🗒️ Ben's Notes

Chapter 1: OS Basics

What is an operating system? #

An operating system has three main roles:

  • Referee: The OS manages protection, isolation, and allocation of resources between processes.
  • Illusionist: The OS provides an abstraction between hardware and user programs that provides an illusion ****of easy-to-access resources such as files and available processors.
  • Glue: The OS provides common services, sharing, authorization, networking, and communication between processes and external devices.

Q1.1. Consider a modern web browser (such as Chrome or Firefox) which plays a similar role to an operating system. What considerations does a web browser need to make as a referee, illusionist, and glue?

Four Fundamental OS Concepts #

The OS uses the four abstractions below to fulfill its roles:

  1. Threads provide the basic unit of concurrency that fully describes a program.
  2. Processes provide an execution environment for thread(s).
  3. Addresses provide a way for threads and processes to access physical memory safely.
  4. Dual Mode Operation provides a layer of privilege and security for running sensitive operations.

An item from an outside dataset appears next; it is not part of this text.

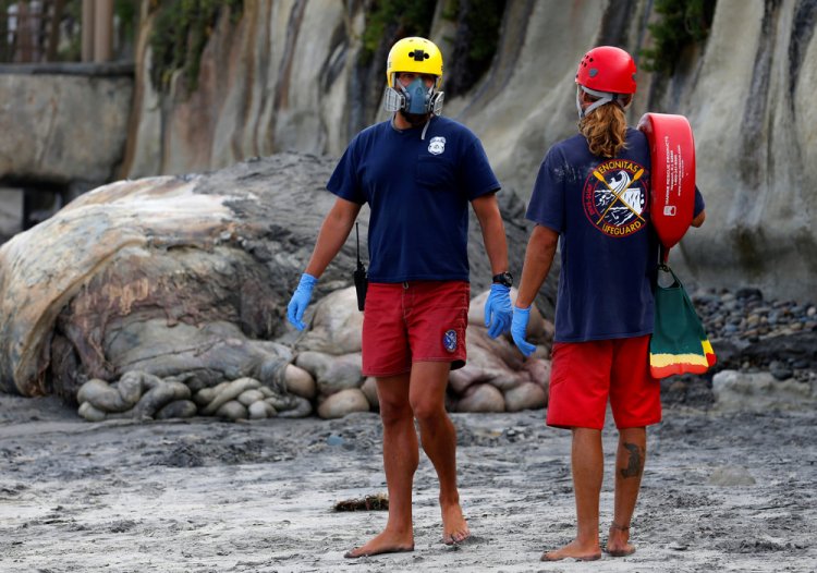 Тушу мертвого кита выбросило на пляж в Калифорнии, США, 18 июля 2016. Рабочим и спасателям понадобилась тяжелая техника, что бы убрать 22-тонное мертвое тело с пляжа. Причина гибели гигантского морского млекопитающего осталась неизвестна.

Threads and processes will be covered in depth in future sections.

The Kernel #

One of the major requirements of an operating system is to provide protection from buggy or malicious programs. A design paradigm that allows for this is the operating system kernel, which is a fully trusted platform operating at the lowest software level of the system. This has several benefits:

  • Reliability: Even if user programs crash, the kernel can still be running and handle the exception.
  • Security: User programs must first interface through the kernel to request sensitive operations. The kernel can prevent malicious programs from executing undesired behavior.
  • Privacy: The kernel facilitates what data can be transferred between user programs, so one program cannot read sensitive information from others.
  • Fair resource allocation: The kernel can distribute computing power between user programs, so that one cannot block the others from executing.

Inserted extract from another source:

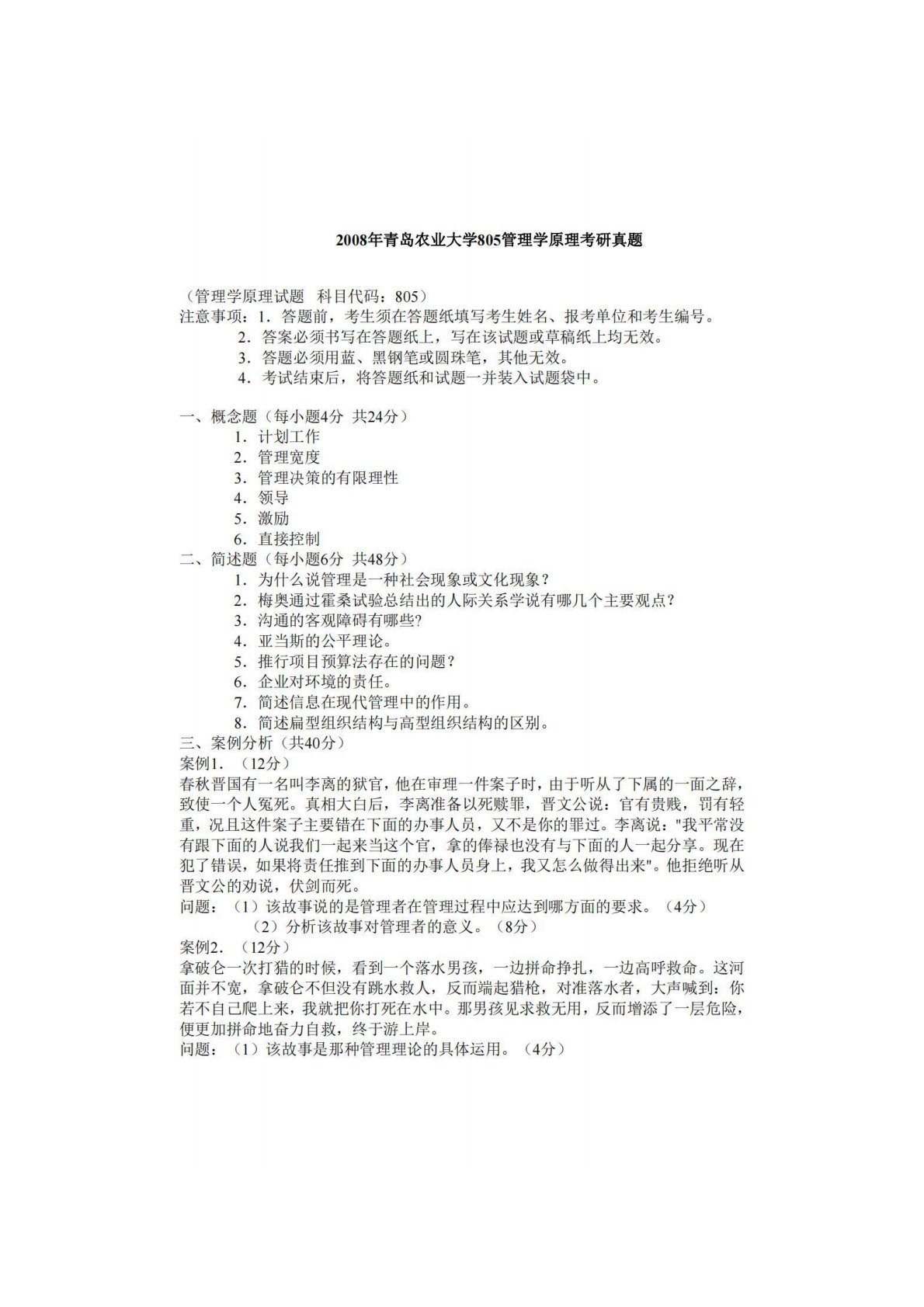 青岛农业大学801管理学原理2008年真题

The kernel is only a small portion of the entire operating system, since it is often beneficial to treat system libraries as user programs to allow for safer implementation.

Dual Mode Operation #

In order to provide protection, the kernel separates instructions into two main modes of execution: kernel mode (protected), and user mode (normal program execution). The mode is represented as a single state bit in hardware.

Privileged Instructions #

Privileged instructions are allowed only in kernel mode. These include changing memory access and handling interrupts, among other things. Attempting to execute privileged instructions in user mode will cause a processor exception that prompts the hardware to transfer control to an exception handler.

Typically, every process has two stacks, one for executing privileged instructions in kernel mode, and one for executing user code.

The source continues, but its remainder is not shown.